But first, let’s talk a little bit about our favorite bird, how to choose the best chicken and why chicken is great for a Keto diet.

How to Choose the Best Chicken

It’s always good to pick an organic, grain-fed, antiobiotic-free chicken from a locally sourced farmer — that will ensure the quality of the meat. Yes, you might pay a little more, but it is so worth it. To save money, it’s a good idea to buy whole chickens and do the butchering yourself. Look for a plump (not too large) whole chicken, with a rounded breast and more breast than leg. 

When I’m choosing chickens, I always look for the best sale date and make sure the chicken isn’t going to expire anytime soon. This is another reason why you only want to buy from reputable stores or direct from farmers. I love buying my chicken from the local Farmer’s market because I know it didn’t take as long to get there and is much fresher and firmer than storebought. If you press against the breastbone and it is pliable, you know the chicken is young and will be much more tender and juicer. 

Smaller chickens are usually better as well. If you’ve noticed, the size of chickens has increased quite a bit in the past decade at the grocery store, but this isn’t a good thing. Today’s chicken farmers use advanced feeding techniques and keep producing bigger birds, but this isn’t a healthy trend. 

Why Chicken is Great for Keto

Chicken can still be an amazing choice for Keto as it is a good source of protein with many taste profile choices. It is relatively affordable and easy to find and is a versatile choice to have on hand. From chicken wings to thighs, to chicken curries, the possibilities are endless! We’ve got a lot of really great chicken recipes here, so you’ll never get bored. It tastes great roasted, baked, in soups and salads, pairs well with bacon and kids love it. 

In our family, we even grow our own chickens (the best way to know where they come from) and enjoy eating these amazing recipes all the time. 

These are just a few of my favorite, go-to, easy keto chicken recipes. One of the biggest questions I get from readers, especially those who are doing Keto is — I’m so bored with the same grilled chicken salad or chicken thigh recipes… You know what that’s like, right? So get out of your chicken thigh or grilled chicken rut and try something new.
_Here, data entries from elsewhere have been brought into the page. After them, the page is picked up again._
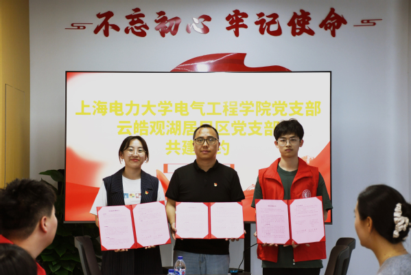 为深入贯彻落实党的二十大和二十届三中全会精神,推动党团组织在基层治理中协同发力,近日,电气工程学院团委和学院本科生第五党支部前往浦东新区南汇新城镇云皓观湖居民区党群服务中心,与社区开展党团共建签约仪式。云皓观湖居民区党支部书记严海涛、电气学院团委书记刘紫薇、本科生第五党支部书记曲家瑶以及2024级电气合作办学专业学生代表参加。
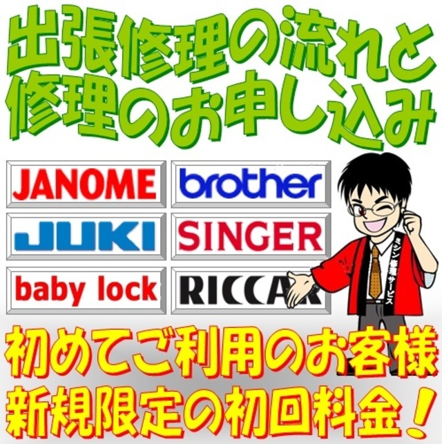 _/_/_/_/_/_/_/_/_/_/_/_/_/_/_/ 【 出 張 修 理 ご 依 頼 の 流 れ 】 ┏━━━┓ ┃① 家庭用ミシンの調整修理などのご依頼は、 ┗━━━┛必ずお電話でお申し込みください。 ※ ご訪問日はご予約制となります。 ▼ 【 通 話 料 無 料 の フ リ ー ダ イ ヤ ル 】 ☎ 0 1 2 0 - 4 1 - 3 4 8 0 ▼ ┏━━━┓ ┃② メーカー名と機種名、又は購入年度と、 ┗━━━┛故障内容をお教えください。 ※ 修理料金の目安がわかります。 ※ 詳しくは料金表をご覧ください。 ▼ ┏━━━┓ ┃③ ご訪問のご希望日をお申し出ください。 ┗━━━┛お申し込み順のため、ご希望に 沿えない場合もございますので、 何卒ご了承ください。 ▼ ┏━━━┓ ┃④ お客様のご指定場所に地域担当の ┗━━━┛修理スタッフがお伺い致します。 作業時間は30~60分で完了。 ※ 修理完了後に必ずご使用者さまに 試し縫い確認をお願い致します。 ┏★☆★☆━━━━━━━━━━━━━━━┓ 万が一! 直らない場合は、 料金などは一切いただきません。 ┗━━━━━━━━━━━━━━━☆★☆★┛ 修理の作業時間は、お伺いして約1時間以内で 作動確認後完了です。( 重度はお預かりで修理 ) ------------------------------------------ 部品交換が必要な場合は、作業前に交換工賃が わかるので安心です。( 部品代+分解取付別途 ) ⌖꙳✧˖°⌖꙳✧˖°⌖꙳✧˖°⌖꙳✧˖°⌖꙳✧˖°⌖꙳✧˖°⌖꙳✧˖°⌖ 【 修 理 取 り 扱 い メ ー カ ー 】 ジャノメ ・ ブラザー ・ ジューキ ・ シンガー ヤマザキ ・ セレガー ・ トヨタ ・ リッカー マミーロック・ ベビーロック _/_/_/_/_/_/_/_/_/_/_/_/_/_/_/ ┏★☆★☆━━━━━━━━━━━━━━━┓ 修 理 の お 申 込 み は お 電 話 で 承 り ま す ┗━━━━━━━━━━━━━━━☆★☆★┛ あなたのミシンの修理屋さん 川 越 ミ シ ン 修 理 サ ー ビ ス 埼玉県川越市霞ヶ関東1-4-11 【 ミ シ ン 修 理 の お 申 し 込 み は 】 ☎ 0 1 2 0 - 4 1 - 3 4 8 0 ------------------------------------------ 受付時間 / 10時00分 ~ 16時00分 休業日 / 年中無休 ( 月曜日臨時休業あり ) _/_/_/_/_/_/_/_/_/_/_/_/_/_/_/ .
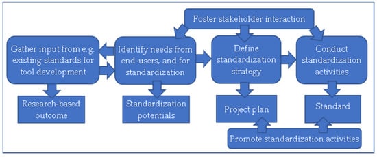 However, the literature on cases such as those mentioned above is very limited. Additionally, these project examples show, on the one hand, the lack of a common approach to the integration of standardization and, on the other hand, the different levels of knowledge about standardization and how it can be successfully implemented as a tool within research activities. However, a recent study on resilience-related research projects concluded with the proposal to consider five steps aimed at integrating standardization, including analysis of existing standards, identifying end-user needs and standardization gaps, developing a standardization strategy, initiating end-user focused standardization activities, and promoting and further exploiting the standardization results [41]. The initiation of standardization activities in European projects mostly led to the development of CWAs [48]. The steps to develop a CWA provide several possibilities to foster engagement with relevant stakeholders, e.g., public availability and commenting possibilities that are a part of the CEN Workshop project plan; the possibility to join CEN Workshops, which are ongoing at any given time; or the opportunity to partake in optional commenting phases of draft standards. Due to the relation of the envisaged standard to a tool or method developed in the project, the CEN Workshop process can also be combined directly with co-creation activities of envisaged project outcomes.
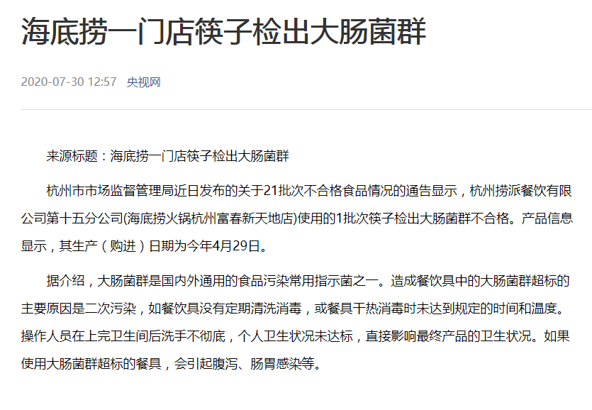 海底撈一門店筷子檢出大腸菌群,使用抗菌筷刻不容緩!时间:2020-07-31 阅读

Here, I’ve chosen some of my family’s personal favorites, like the creamy coconut curry recipe (pair it with a bowl of cauliflower rice or salad for Keto), a creamy chicken and broccoli casserole, a simple, yet glorious roast chicken recipe and even a chicken and bacon dip! Enjoy!

1) Keto Buffalo Chicken Dip {primal}

I’m not going to lie. I love this Keto buffalo chicken dip so much. If you come around my house on a weekday, I just might be enjoying it for dinner with some cut up veggies! It’s that good. But of course, you can make this for parties and brunches as well. With all the flavors of chicken wings and dip, this is such a great party food for anyone and tops my keto chicken recipes (it’s that good!).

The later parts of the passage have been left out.